(Given information)
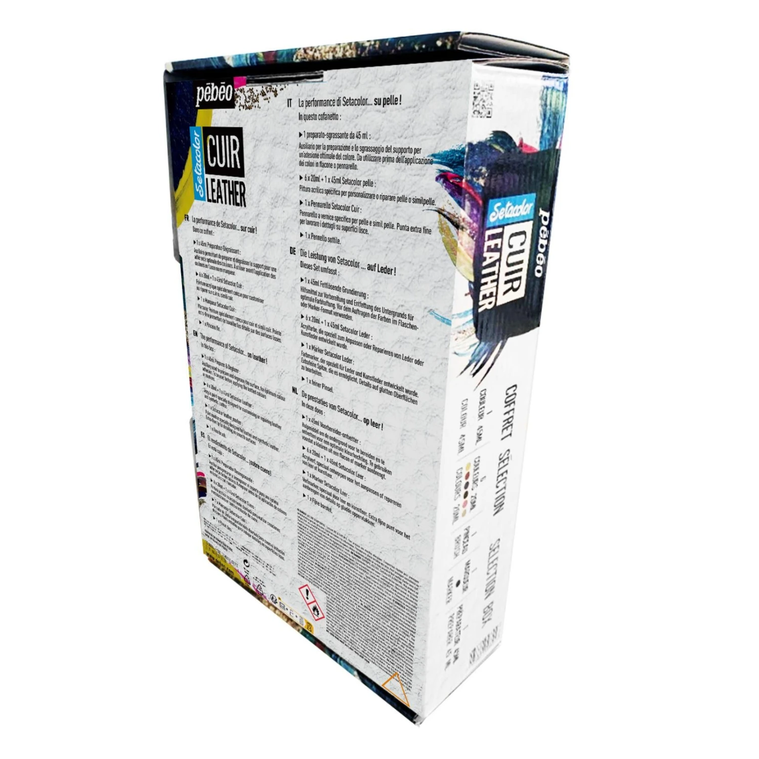 The Setacolor Leather Selection Box contains an exciting assortment of colours, including a fine detail marker paint pen, that can be mixed or used on their own, plus the essential Preparer & Deglazer medium for surface degreasing and preparation before painting.
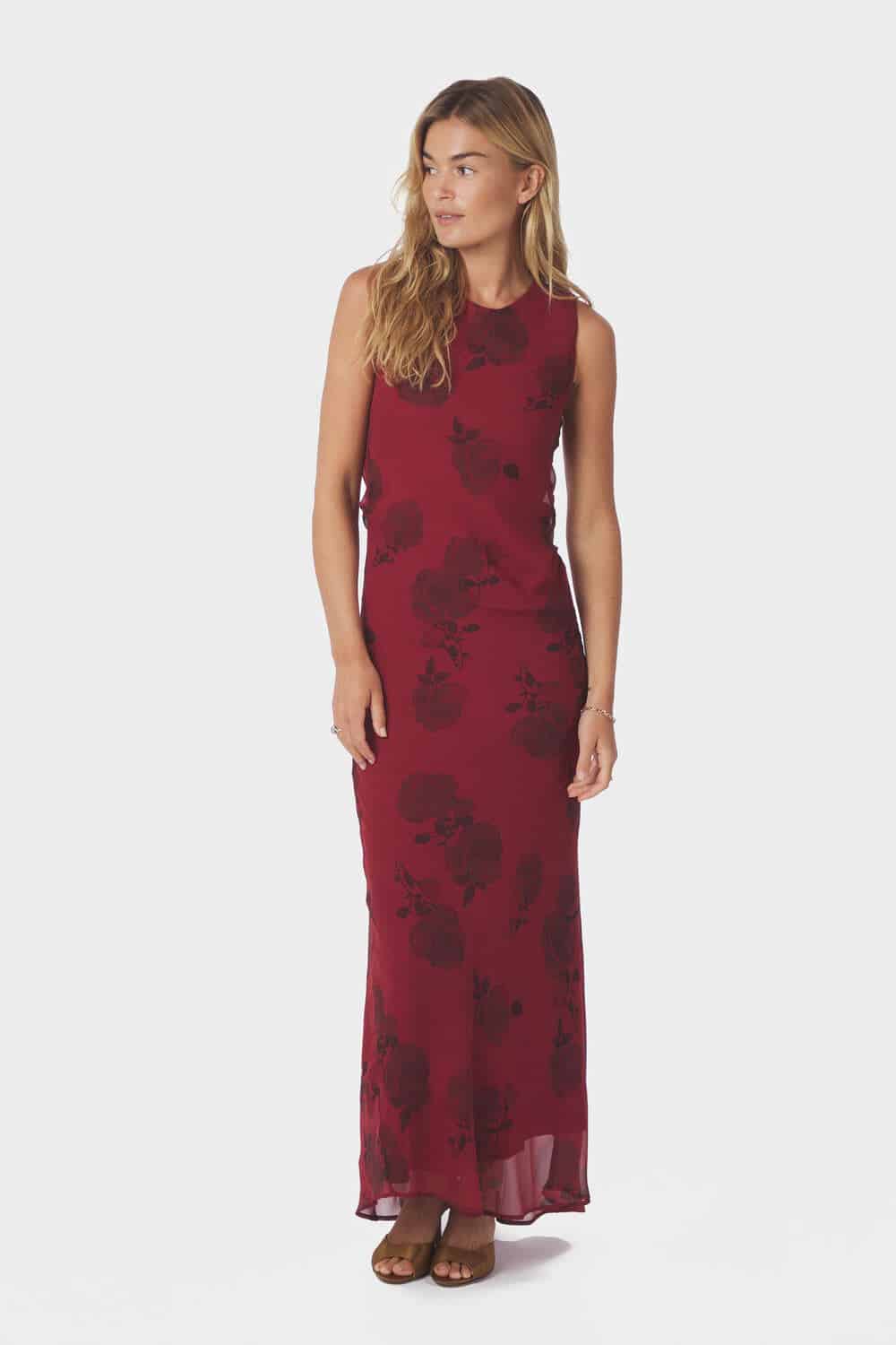 Denne lange kjole fra Neo Noir er designet i mørkerød dekoreret med små roser. Kjolen har en rund halsudskæring og er uden ærmer. Kjolen lukkes ved hjælp af en lynlås bagpå.
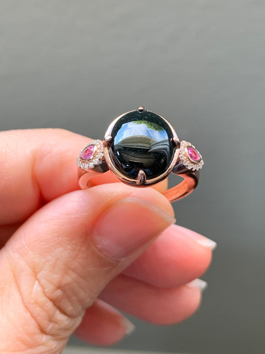 Certified Natural Icy Translucent Intense Black Jadeite Oval Ring S925 Sterling Silver Rose Gold Finish 天然墨翠透绿银镶戒指 MC300
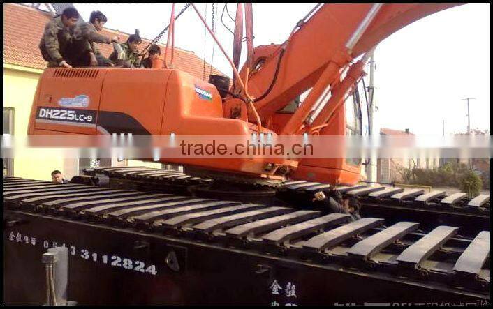 The pontoon is made of ship-making material A36 to increase strength and corrosion durability and to reduce its own weight. A large curvature design at both ends ensures the pontoon’s loading capacity and lessens its own weight, and also reduces the friction on contact with the ground. The pontoon can be adjusted to different loading designs based on the excavator models it is used with.
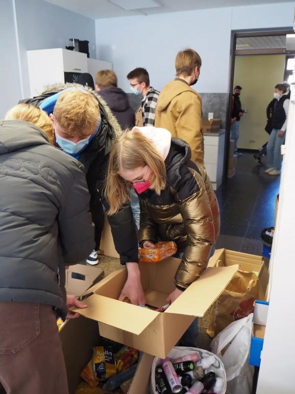 Die Schülervertretung hatte innerhalb der Schule zu Spenden von Hygieneartikeln und Lebensmitteln aufgerufen und in drei Tagen eine riesengroße Menge an Spenden erhalten. Insgesamt 28 große Kartons kamen dabei zusammen.
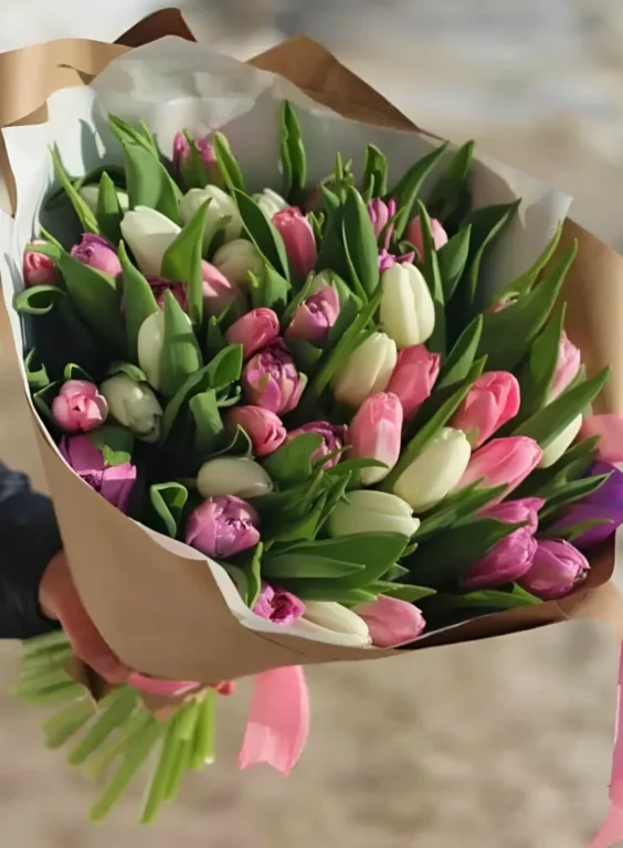 Доставка цветов / Каталог 8 Марта, Тюльпаны / Микс из 51 тюльпана
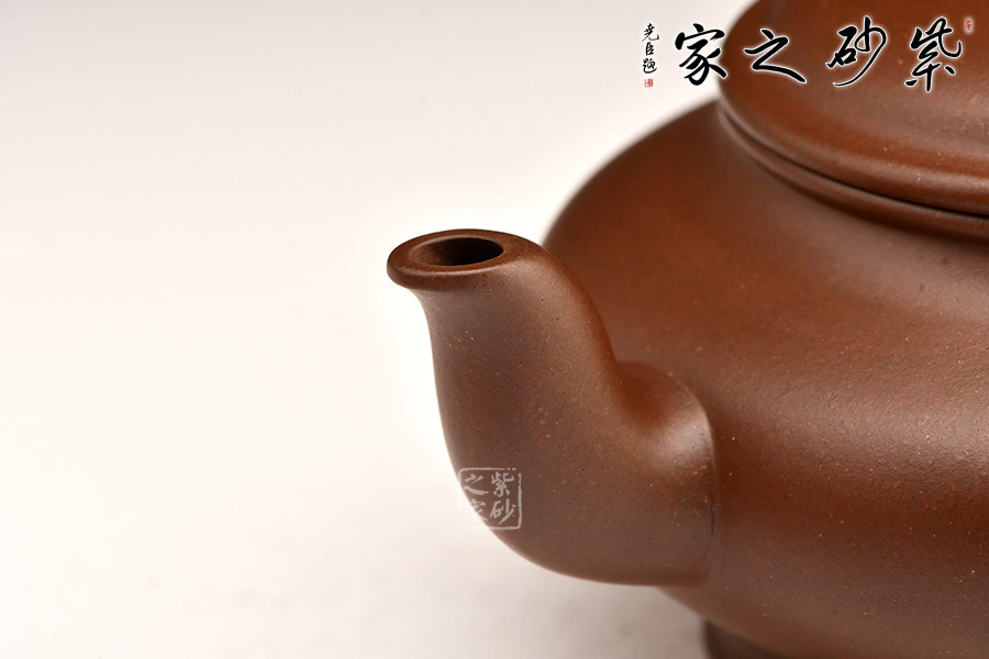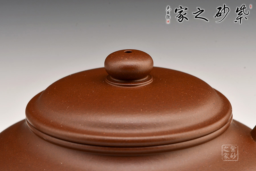 整壺壺體扁而不塌,制作難度較高。壺腹寬大,扁如玉璧,流、把舒展流暢,壺流自壺腹彎曲而出,壺把自壺腹上彎至壺腹下端,與流相呼應(yīng),使得扁腹向左右延伸,有曲張之勢(shì)。壺肩平坦,蓋邊線略強(qiáng)于口線,正合國(guó)人天蓋地之理念。扁圓蓋,扁圓鈕,視覺(jué)觀感上佳。

(Required action) Write out a verbatim copy of the lines from the line that contains "Доставка цветов /" through the end of the entries above; pictures are not copied.

(Answer for the task)
 Доставка цветов / Каталог 8 Марта, Тюльпаны / Микс из 51 тюльпана
 整壺壺體扁而不塌,制作難度較高。壺腹寬大,扁如玉璧,流、把舒展流暢,壺流自壺腹彎曲而出,壺把自壺腹上彎至壺腹下端,與流相呼應(yīng),使得扁腹向左右延伸,有曲張之勢(shì)。壺肩平坦,蓋邊線略強(qiáng)于口線,正合國(guó)人天蓋地之理念。扁圓蓋,扁圓鈕,視覺(jué)觀感上佳。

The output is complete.